**Exercise details**
Would you print the lines below exactly, beginning at the line that has "This plank once" and stopping after the line that has "The Great Sphinx"? Only those lines, and no pictures.

═════ Available data ═════

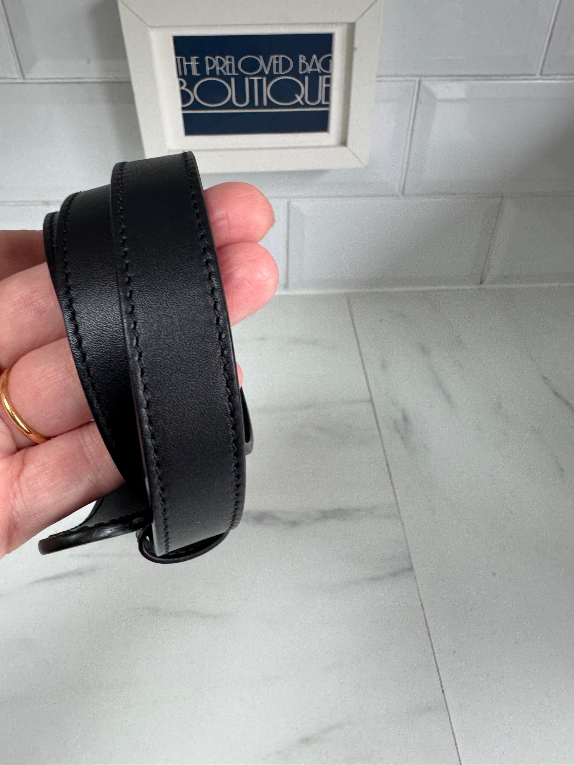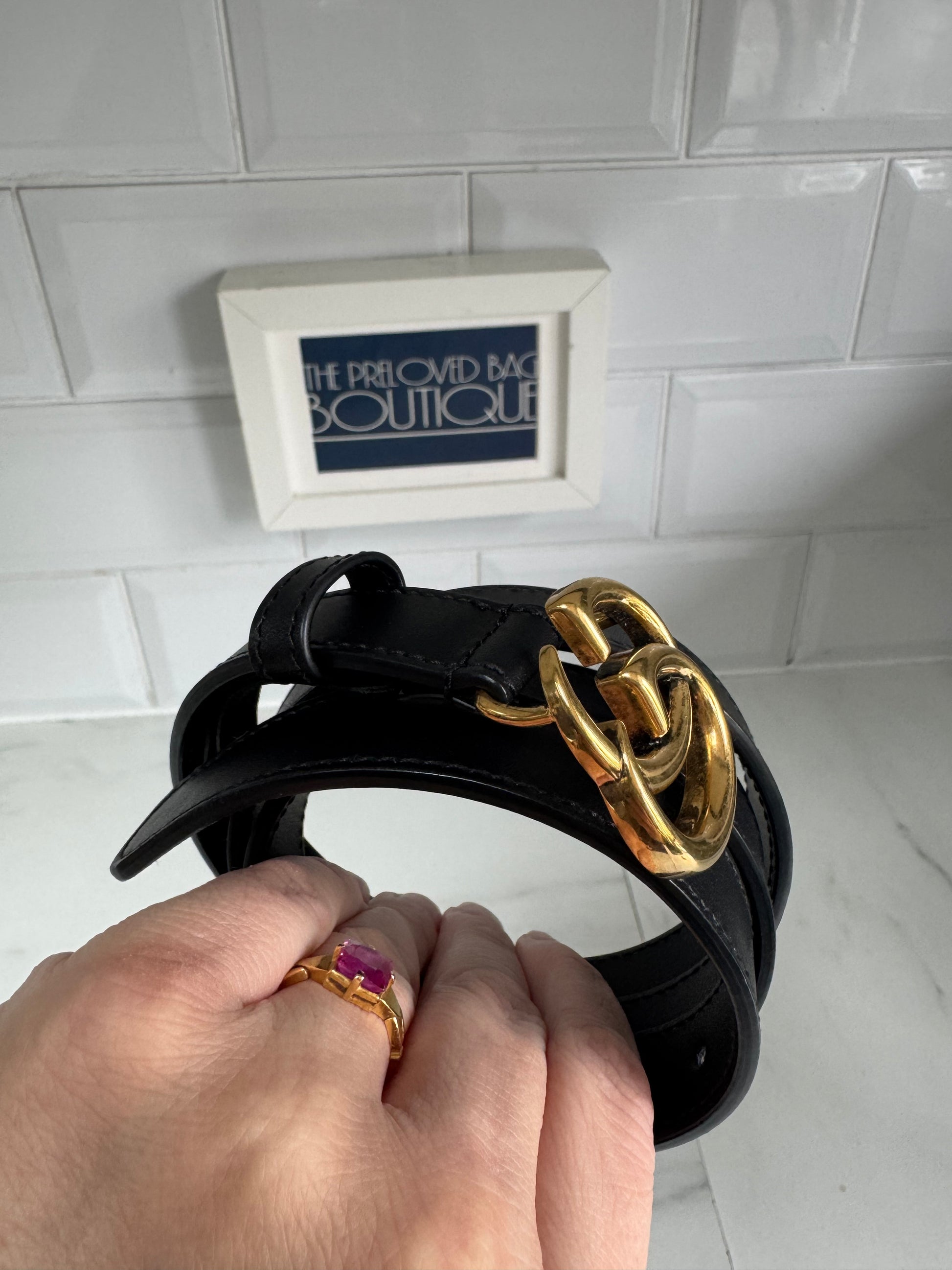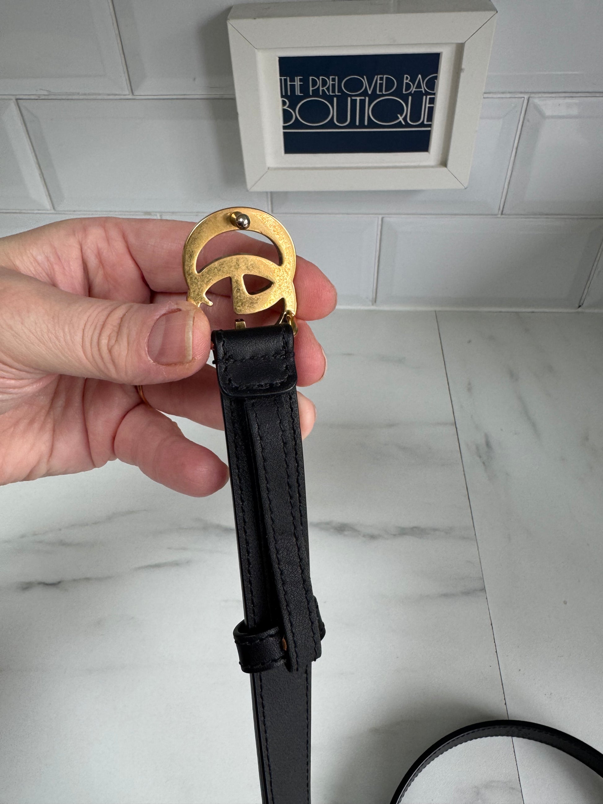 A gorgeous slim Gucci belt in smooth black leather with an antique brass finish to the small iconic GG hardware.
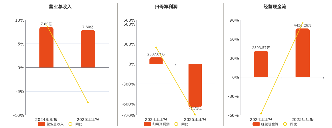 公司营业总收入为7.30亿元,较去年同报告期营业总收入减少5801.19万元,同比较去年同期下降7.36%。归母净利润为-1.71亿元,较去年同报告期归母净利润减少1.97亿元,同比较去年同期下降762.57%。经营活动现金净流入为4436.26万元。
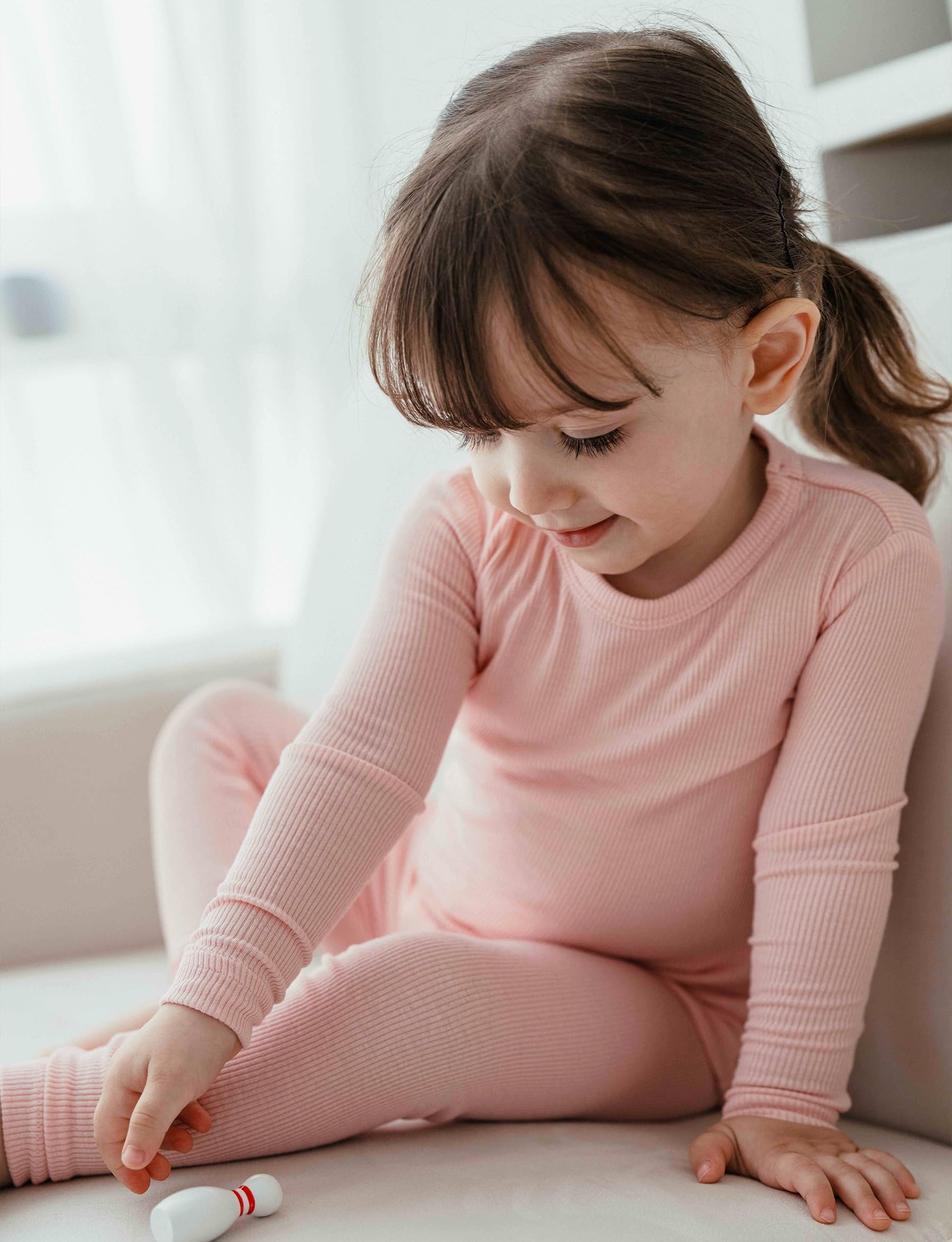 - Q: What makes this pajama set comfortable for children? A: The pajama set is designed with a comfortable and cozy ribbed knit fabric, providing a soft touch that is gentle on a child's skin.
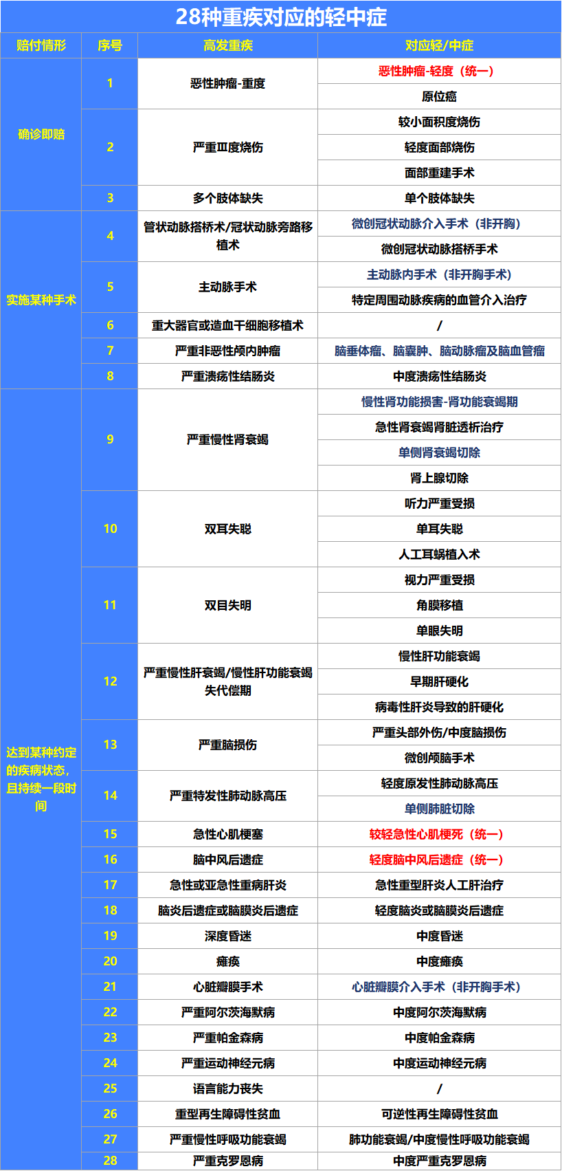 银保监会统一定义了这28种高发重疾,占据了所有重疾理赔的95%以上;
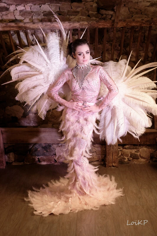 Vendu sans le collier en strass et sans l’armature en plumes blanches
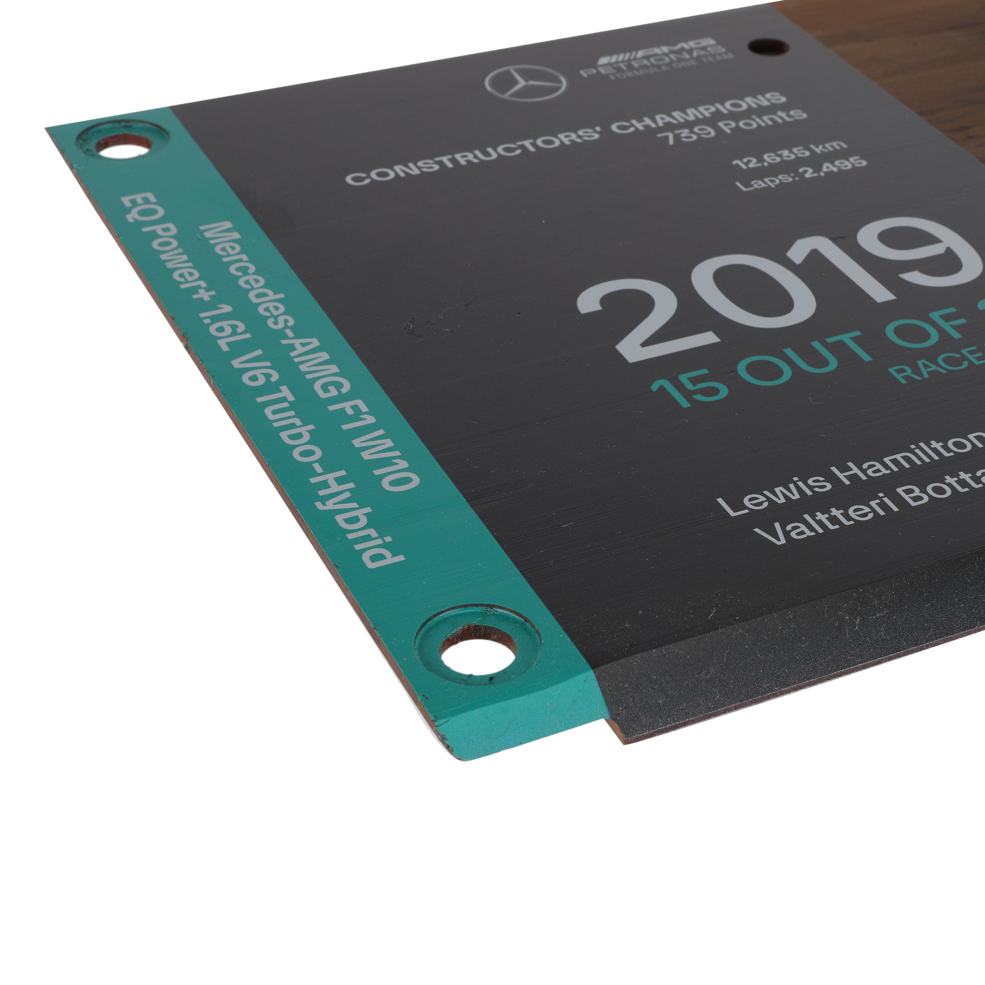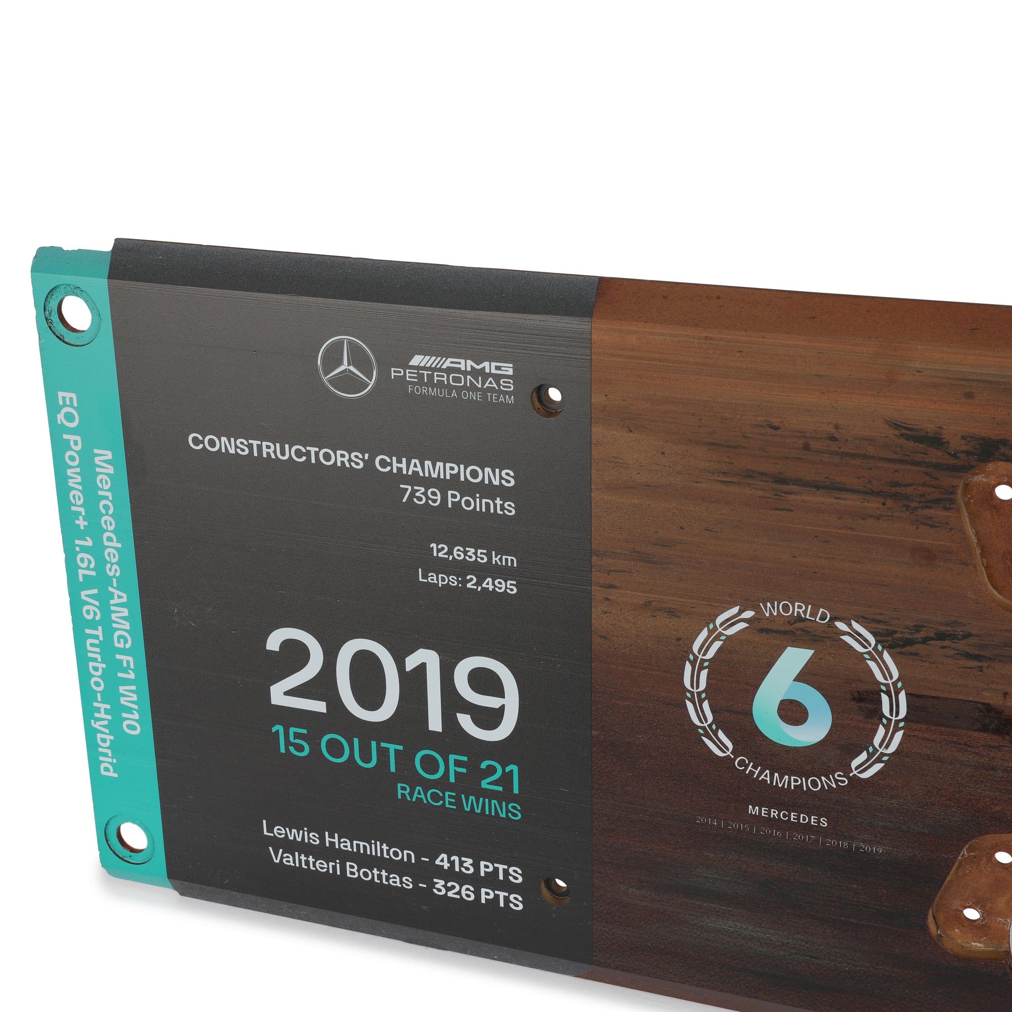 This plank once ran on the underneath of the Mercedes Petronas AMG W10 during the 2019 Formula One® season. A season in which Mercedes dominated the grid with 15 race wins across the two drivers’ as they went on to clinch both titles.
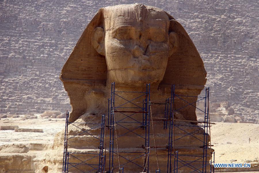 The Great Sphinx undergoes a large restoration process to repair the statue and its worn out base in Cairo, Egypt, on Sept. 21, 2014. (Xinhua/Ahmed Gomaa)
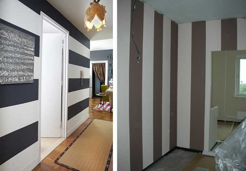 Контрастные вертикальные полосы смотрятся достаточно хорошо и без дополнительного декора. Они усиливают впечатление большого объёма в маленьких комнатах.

═════

**Task solution**
 This plank once ran on the underneath of the Mercedes Petronas AMG W10 during the 2019 Formula One® season. A season in which Mercedes dominated the grid with 15 race wins across the two drivers’ as they went on to clinch both titles.
 The Great Sphinx undergoes a large restoration process to repair the statue and its worn out base in Cairo, Egypt, on Sept. 21, 2014. (Xinhua/Ahmed Gomaa)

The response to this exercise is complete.